Last Friday, CrowdStrike was at the center of a major IT outage — an event that led to a massive selloff in the company’s shares. The cybersecurity company’s valuation continued to slide this week as investors and analysts assessed the potential consequences of a major system failure on the business.

CrowdStrike’s update on major IT outage doesn’t reassure investors

Due to a bug in the automatic update that CrowdStrike rolled out last Friday, millions of computers using MicrosoftCrowdStrike’s Windows operating system was shut down last week. CrowdStrike has emerged as a leading provider of endpoint protection and other related services.
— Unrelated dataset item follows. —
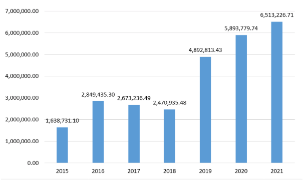 en 2015 se tuvo un total de 245.19 en 2016 115.54, en 2017 1 mil 144.11, en 2018 3 mil 056.99, en 2019 2 mil 509.75 y en 2021 9 mil 908.3.

Cyber ​​Security ServicesBut last week’s massive IT meltdown has raised questions about the company’s systems, performance expectations and valuation.

CEO George Kurtz provided an update on Thursday saying that 97% of Windows sensors that were shut down during the outage the previous week were now working again. Unfortunately, the recovery has done little to calm concerns among investors and analysts.

Analysts Lower Price Targets on CrowdStrike

Wednesday, City Group CrowdStrike issued a note maintaining a buy rating on the company’s stock. On the other hand, lead analyst Fatima Bolani lowered the company’s one-year price target to $345 per share from $425 per share. If CrowdStrike hits that target, it would represent an upside of about 35% from the company’s current share price. But Bolani also highlighted the risk of CrowdStrike falling to $170 per share.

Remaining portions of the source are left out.